### Required action
Everything from the line with "Semplice eleganza per" down to the line with "Mái hiên AS" below must be printed exactly, those two lines included. Exclude pictures.

### Data records
[Start of section]
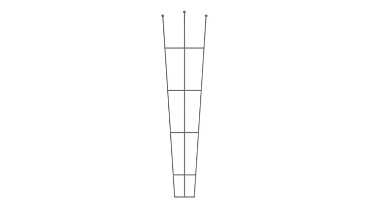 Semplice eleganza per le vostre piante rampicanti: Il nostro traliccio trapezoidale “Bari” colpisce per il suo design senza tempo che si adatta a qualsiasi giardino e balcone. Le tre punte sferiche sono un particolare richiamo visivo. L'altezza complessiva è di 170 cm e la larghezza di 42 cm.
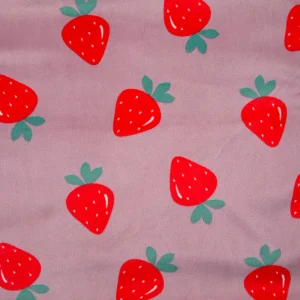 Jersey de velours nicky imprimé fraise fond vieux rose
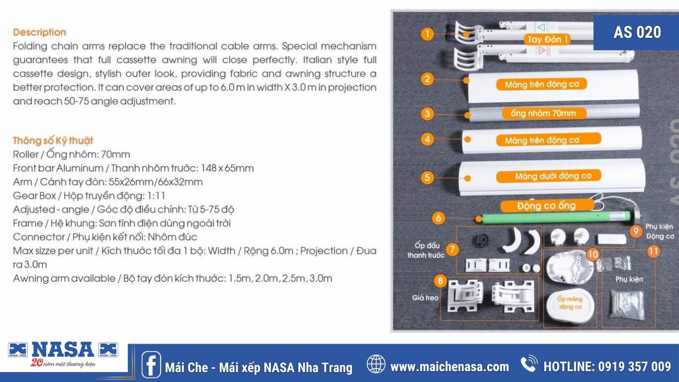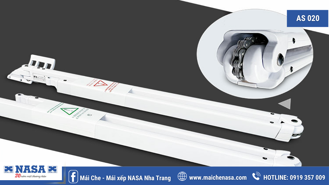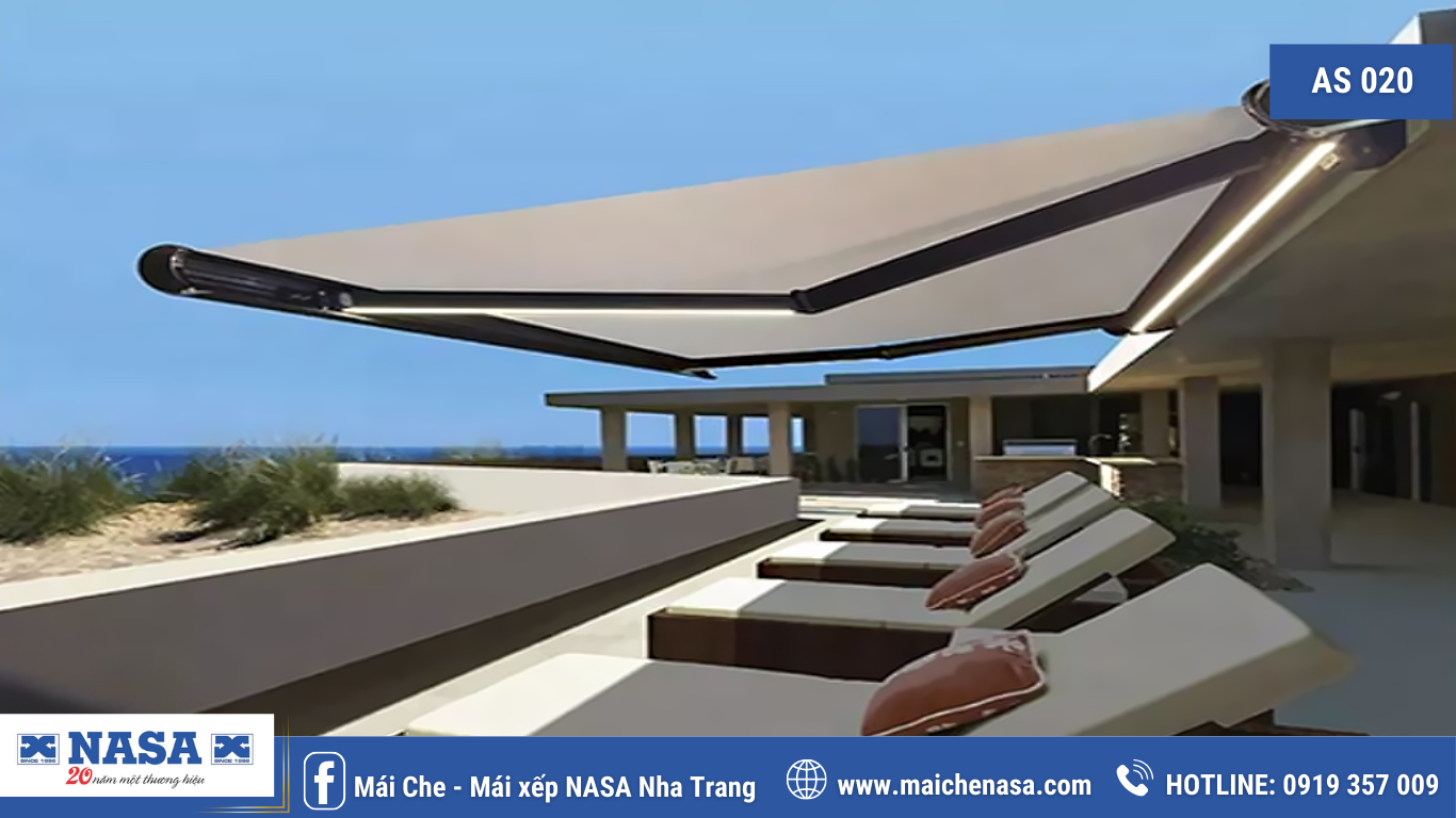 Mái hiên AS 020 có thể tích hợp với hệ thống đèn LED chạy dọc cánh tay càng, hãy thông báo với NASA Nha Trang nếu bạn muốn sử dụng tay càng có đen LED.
[End of section]
[Start of section]
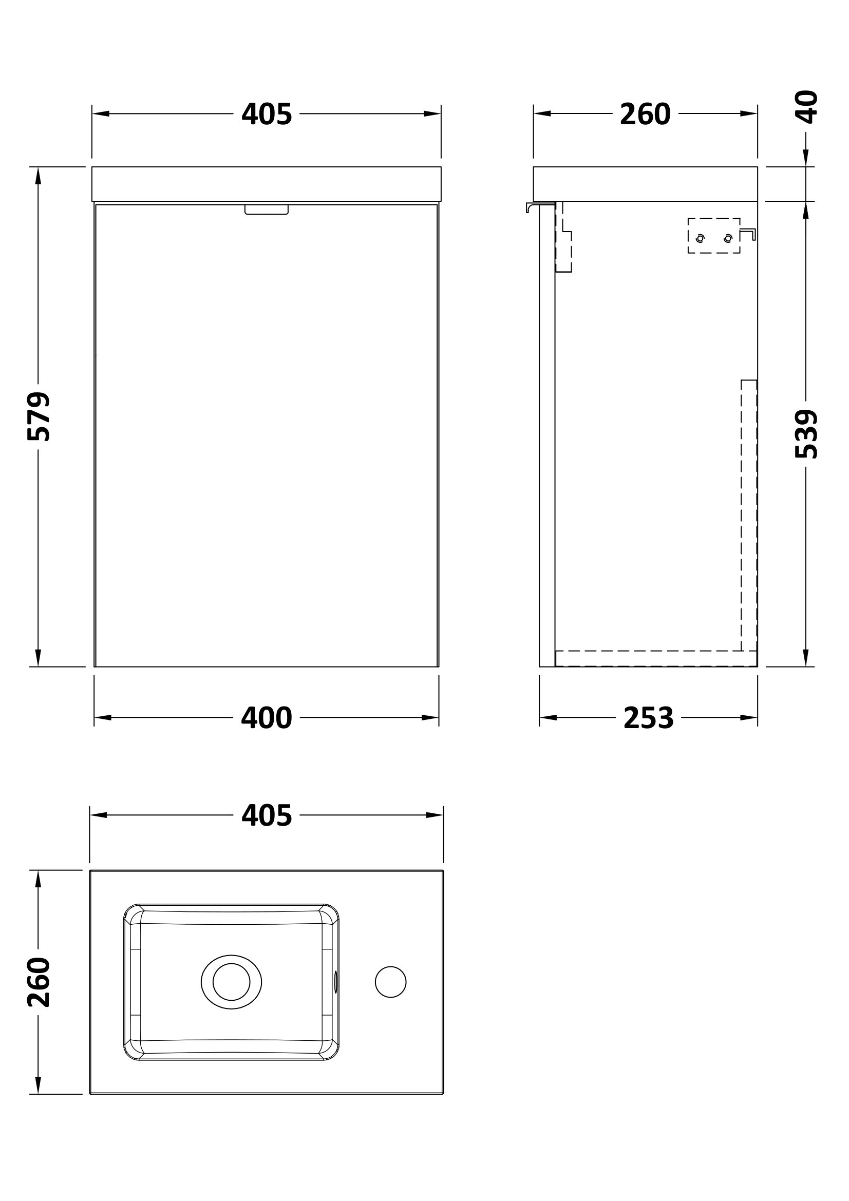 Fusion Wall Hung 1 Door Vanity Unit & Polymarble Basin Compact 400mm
[End of section]
### Response area
 Semplice eleganza per le vostre piante rampicanti: Il nostro traliccio trapezoidale “Bari” colpisce per il suo design senza tempo che si adatta a qualsiasi giardino e balcone. Le tre punte sferiche sono un particolare richiamo visivo. L'altezza complessiva è di 170 cm e la larghezza di 42 cm.
 Jersey de velours nicky imprimé fraise fond vieux rose
 Mái hiên AS 020 có thể tích hợp với hệ thống đèn LED chạy dọc cánh tay càng, hãy thông báo với NASA Nha Trang nếu bạn muốn sử dụng tay càng có đen LED.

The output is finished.